The thing is… I’m jealous. Of course I am. I’m jealous she’s in the “safe” zone now (I know there’s no such thing, but for me just getting past the first weeks does mean safer). Jealous she’s ahead of me, I was supposed to have a baby already, I was supposed to feel and do all those things before her. I’m just jealous, I don’t know, that I’m still behind, that I still might loose this baby, that I feel this way and she doesn’t.
Of course I am thrilled for her, and so happy we’ll be going through this pretty much together, and be on maternity leave together, but I just can’t shake this jealousy thing off.
And two days ago another girl at work told me she's pregnant! 17 weeks along, she also knew about my losses so I told her as well Her baby is a total whoopsie, she only found out at 8 weeks! But she's going to be such a great Mom, of course I'm jealous of her as well...

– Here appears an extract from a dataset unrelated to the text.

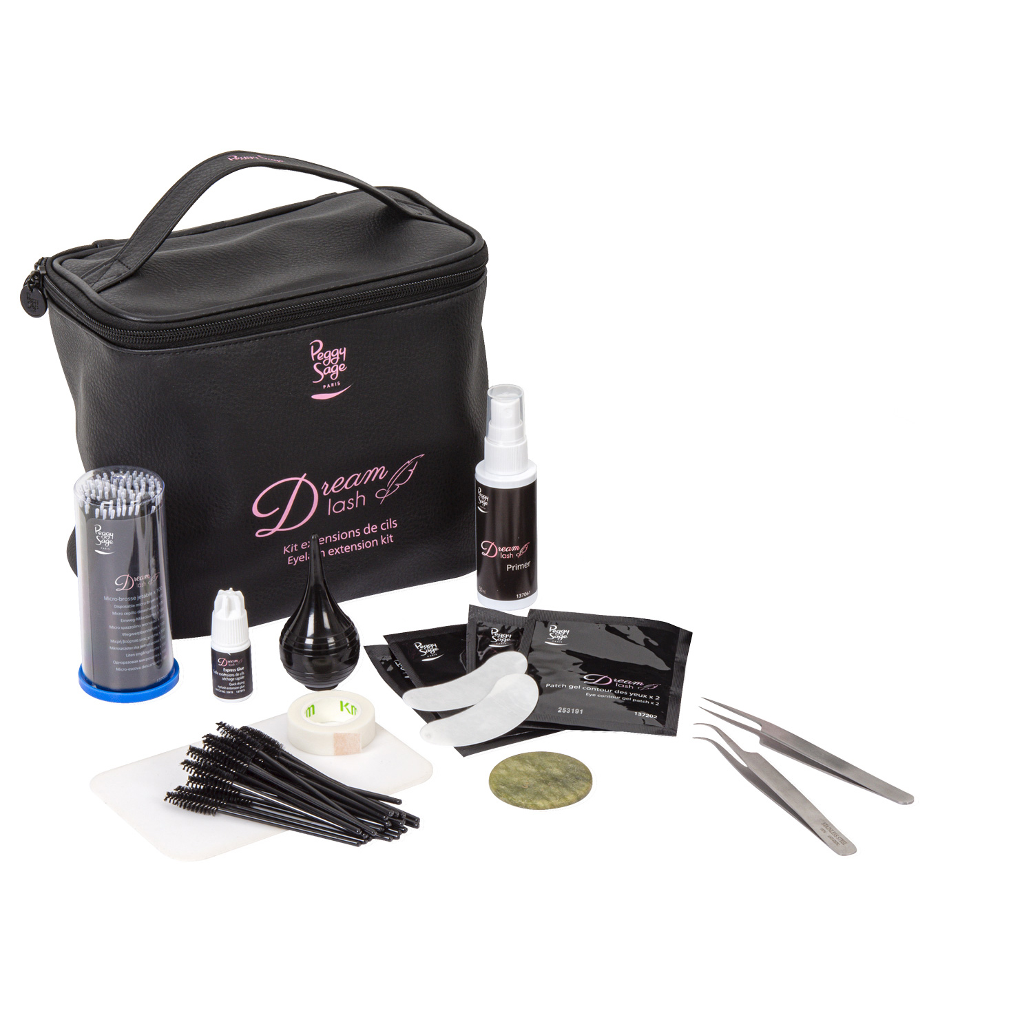 Contiene : express glue – cola extensiones de pestañas – secado rápido 5 g (137215), primer extensiones de pestañas 50 ml (137061), parche de gel contorno de ojos 2 x 5 (137202), cinta adhesiva microporosa (137204), pincel escobilla desechable x 25 (137091), micro cepillo desechable x 100 (137065), piedra de jade (137090), tapete de aplicación (137060), pinzas para extensiones de pestañas – tomar (137084), pinzas para extensiones de pestañas – Aislar (137081), pera de secado (137070).

My Coworker friend from up above also told me that a girl who has been trying for 2 years has finally gotten pregnant. I am so happy for her! Apparently everyone knew they had problems, (except me, I am so out of it!) so everyone now knows she's pregnant. I don't know how far along though. There's something in the air, I hope it brings only good news!
Dan-o, it's still early... Will they repeat in a week for you?